- Professor of Clinical Neurosurgery, School of Medicine, State University of N.Y. at Stony Brook, New York, USA
- Chief of Neurosurgical Spine and Education, NYU Winthrop Hospital, NYU Winthrop NeuroScience, Mineola, New York, USA
Correspondence Address:
Nancy E. Epstein
Professor of Clinical Neurosurgery, School of Medicine, State University of N.Y. at Stony Brook, New York, USA
Chief of Neurosurgical Spine and Education, NYU Winthrop Hospital, NYU Winthrop NeuroScience, Mineola, New York, USA
DOI:10.4103/sni.sni_85_18
Copyright: © 2018 Surgical Neurology International This is an open access journal, and articles are distributed under the terms of the Creative Commons Attribution-NonCommercial-ShareAlike 4.0 License, which allows others to remix, tweak, and build upon the work non-commercially, as long as appropriate credit is given and the new creations are licensed under the identical terms.How to cite this article: Nancy E. Epstein. Major risks and complications of cervical epidural steroid injections: An updated review. 23-Apr-2018;9:86
How to cite this URL: Nancy E. Epstein. Major risks and complications of cervical epidural steroid injections: An updated review. 23-Apr-2018;9:86. Available from: http://surgicalneurologyint.com/surgicalint-articles/major-risks-and-complications-of-cervical-epidural-steroid-injections-an-updated-review/
Abstract
Background:Too many patients, with or without significant cervical disease, unnecessarily undergo cervical epidural steroid injections (CESIs). These include interlaminar (ICESI) and transforaminal ESI (TF-CESI) injections that are not Food and Drug Administration (FDA) approved, have no documented long-term efficacy, and carry severe risks and complications.

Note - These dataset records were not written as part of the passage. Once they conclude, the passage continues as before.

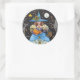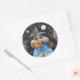 FOLK ART WITCH IN SPOOKY WOODS, BLACK CAT & OWL CLASSIC ROUND STICKER
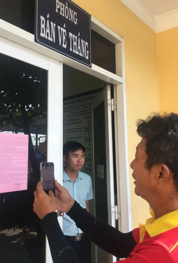 Một tài xế sau khi đọc bản thông tin dán trước cửa phòng bán vé tháng đã chụp hình lại.
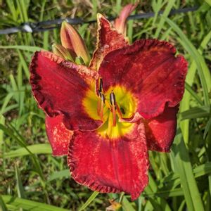 ヘメロカリス"品種不明 赤花" 品種は分かりませんが、かなりフリフリな花です!花弁が分厚いので豪華ではありますが、なかなか花が完全に開かないのが難点ですね😅
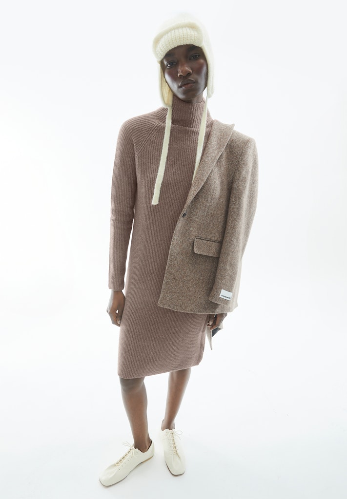 The MILLAANA knitted dress in a medium-weight, single-colored knit and knee-length cut offers you a casual, comfortable fit. The mock neckline gives the dress a stylish touch. Made from organic wool and organic cotton, it keeps you nice and warm and is extremely comfortable to wear.
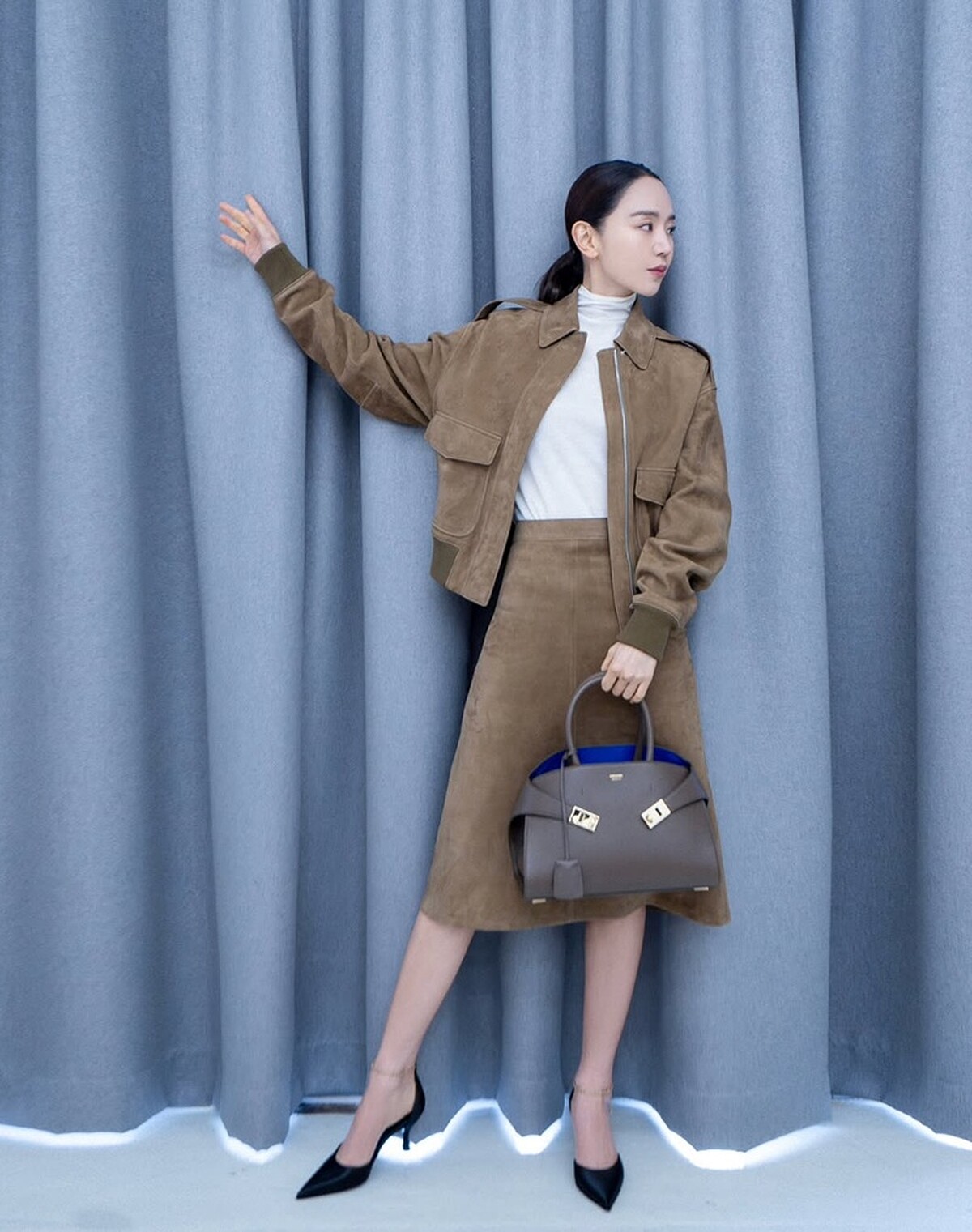 駝色麂皮短外套搭配同色系及膝裙,整體柔和又不失份量感,她用高跟鞋拉長比例,讓套裝不顯厚重。

Methods:Here we reviewed recent reports of morbidity and mortality attributed to the various types of CESIS. Major complications included; epidural hematomas, infection (abscess/meningitis), increased neurological deficits due to intramedullary (quadriparesis/quadriplegia), and intravascular injections (e.g., vertebral artery injections leading to cord, brain stem, and cerebellar strokes). The latter injections leading to strokes were typically attributed to the particulate steroid matter (e.g., within the methylprednisolone injection solution) that embolized into the distal arterial branches.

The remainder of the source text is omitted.